Kapitan już siedzi za sterami
dostajemy jedzonko
Lot był mega przyjemny , czas minął błyskawicznie, nagle słyszymy komunikat o lądowaniu. Pod nami pięknie rozswietlony Istambuł
http://zajacepoznajaswiat.blogspot.com/
Lądowanie bez kaczuszek *biggrin*, my troszkę się denerwujemy bo na przesiadkę mamy tylko godzinę.
Wychodzimy z samolotu , widzimy, że już czeka obsługa lotniska, która sprawnie wyłapuje pasażerów lecących do Mumbaju i kieruje ich do właściwego gate. Szybciutko przechodzimy i stajemy w kolejce. Okazuje się, że lecących Polaków jest spora grupa, wiadomo dobra promocja była.

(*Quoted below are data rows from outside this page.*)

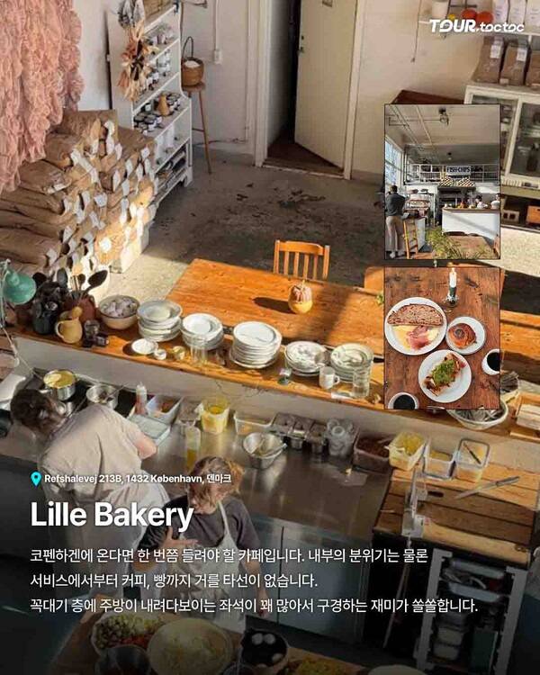 또 다른 추천지는 Lille Bakery입니다. 주방이 보이는 독특한 구조와 감각적인 분위기가 매력적입니다. 코펜하겐 가볼만한곳 중에서 카페 탐방을 원한다면 기억해둘 만한 장소죠.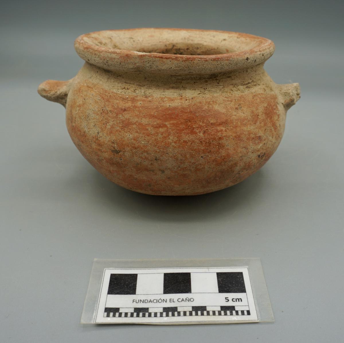 Vasija globular de cuello corto.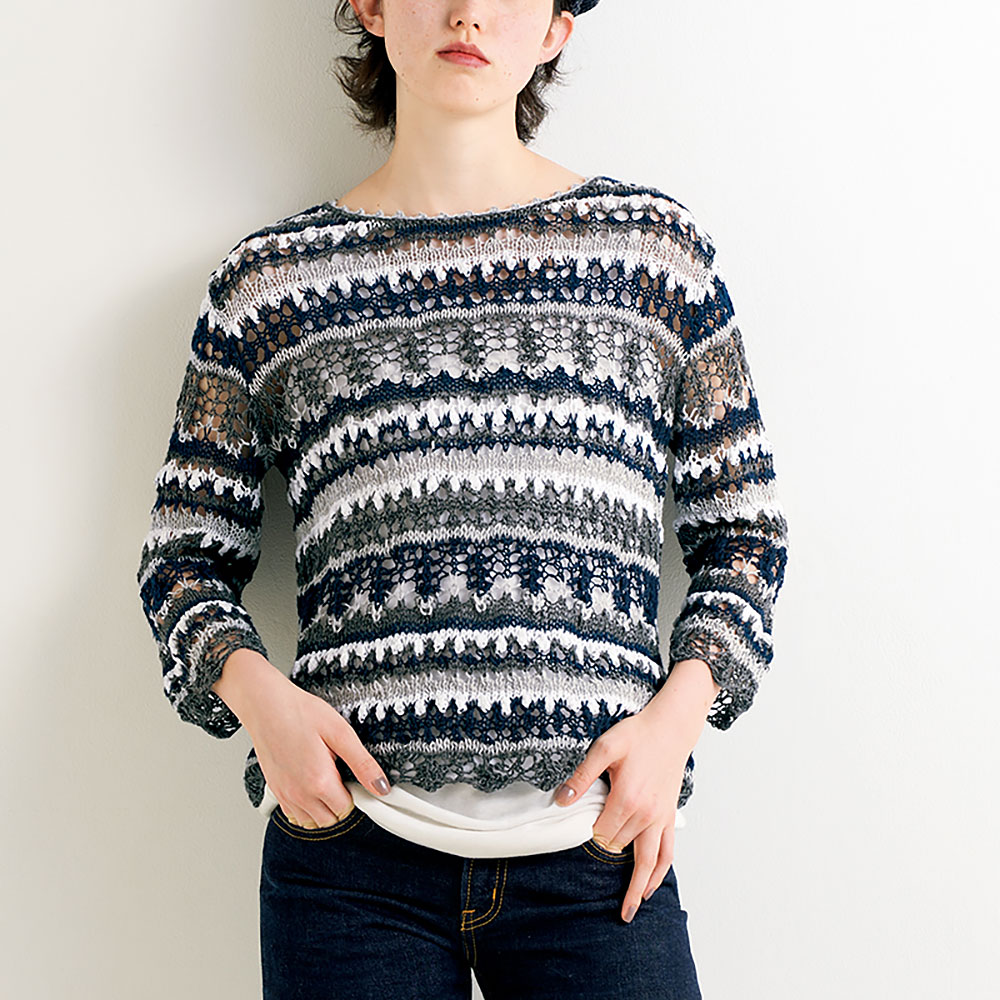 透け感が軽やかなボーダーをカジュアルに。細かな編み地の変化を楽しんで。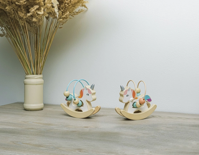 Interaktives Holzspielzeug mit Einhorn, das Kinder stundenlang beschäftigt.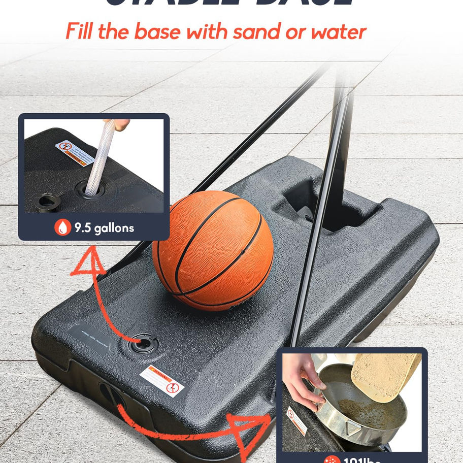 ADJUSTABLE HEIGHT RANGE: Mayfire offers an adjustable height range from 4.9ft to 8.5ft with 10 levels of height adjustment. It reaches 4.9ft - 6.1ft with two poles installed and 7.3ft - 8.5ft with three poles installed, perfectly suitable for kids of different growth stages and players ENHANCED STABILITY & DURABILITY: The base of our basketball goal can be filled with 9.5 gallons of water or 101lbs of sand offer sufficient support for the increased maximum height. The shatterproof PC backboard not only ensures better durability but also provides a better shooting experience FUN & SAFE FOR KIDS: Our outdoor basketball hoop is designed specifically for children and teenagers, making it an excellent choice for after-school entertainment. It encourages them to stay away from electronic devices and participate in outdoor activities more, which is a fun and safe choice for young users INDOOR & OUTDOOR USAGE: Equipped with built-in wheels at the front of the base, this portable basketball hoop can be easily moved to any location, including driveways, backyards, front yards, parks, playgrounds, garages, gyms, and even indoors. PERFECT GIFT & SERVICE: Mayfire basketball hoop, it's an excellent gift for kids to enjoy their leisure time and play with friends outdoors. If you receive damaged goods, missing parts, or encounter delivery issues, don't worry. We offer 24-hour online customer service, ready to assist you with any questions or issues at any time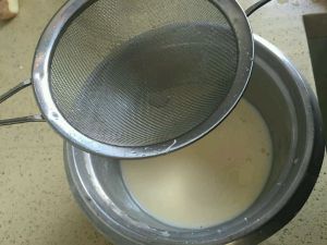 牛奶和糖小火搅拌,待糖溶解后马上关火放置冷却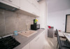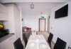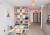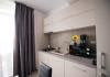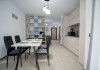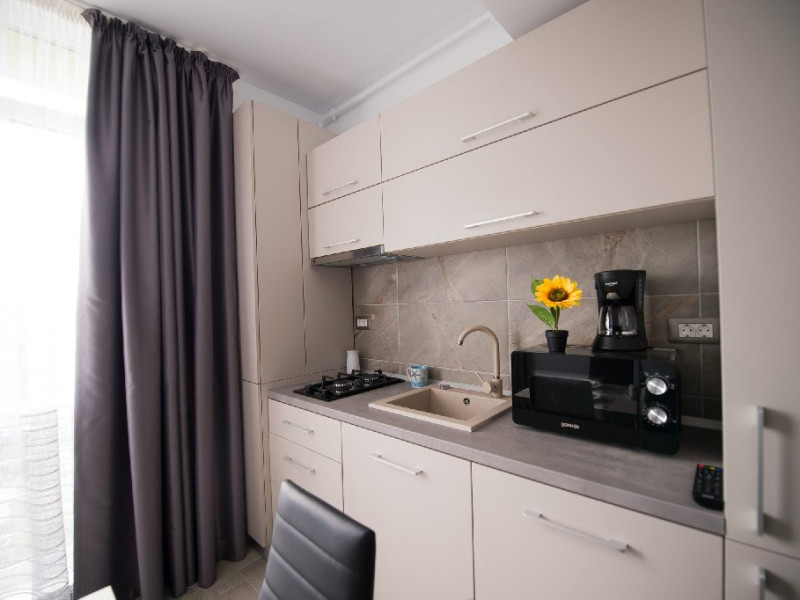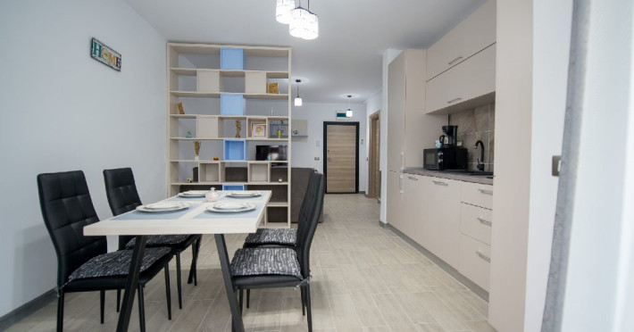Bucataria apartamentului se integreaza perfect in ambientul sufrageriei, avand dotari moderne care imbina functionalitatea cu estetica. Aceasta este echipata cu un aragaz modern, cuptor cu microunde ,frigider spatios, hota. Mobilierul in culori deschise ofera suficient spatiu de depozitare si de lucru, iar blatul de lucru este usor de intretinut. Zona de dining este marcata de o masa alba eleganta, inconjurata de scaune negre, creand un contrast vizual atragator.
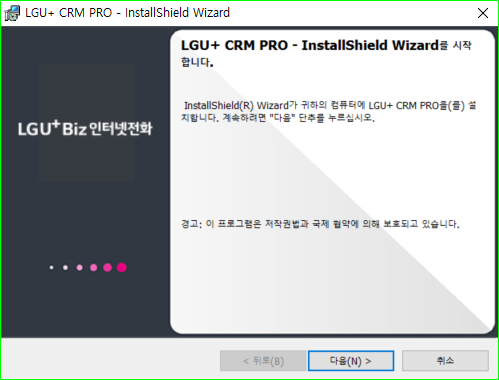 1) CRM Pro 설치를 시작합니다. 다음 내용을 확인 후 다음을 선택합니다.

Nasz samolot już podstawiony. No to wsiadamy
No to lecimy
Dostajemy jedzonko
Najedzeni idziemy spać, musimy odpocząć bo przed nami długi dzień
http://zajacepoznajaswiat.blogspot.com/
Planowo w Mumbaju mamy być o 5 rano czasu lokalnego . Na jakieś półtorej godz. wcześniej załoga zaczyna podawać śniadanie. Nienawidzę omletów z jajek w proszku . Coś tam skubię, wypijam kawkę i zasypiam.
DZ budzi mnie na chwilę przed lądowaniem. Półprzytomna zbieram szpargały i idziemy po bagaż i załatwić procedurę wjazdową. Po przejściu do odprawy wizowej orientuję się, że zostawiłam w samolocie komórkę . Biegnę przez te cholerne korytarze lotniskowe i próbuję sobie przypomnieć gdzie "zaparkował" nasz samolot . Nagle podjeżdża do mnie meleksem miły Indus i pyta co się stał, gdzie tak biegnę? Szybko odpowiadam, że lecę do samolotu odzyskać telefon . Już chcę biec dalej, a gościu każe mi wsiadać i razem mkniemy do właściwego kaftana .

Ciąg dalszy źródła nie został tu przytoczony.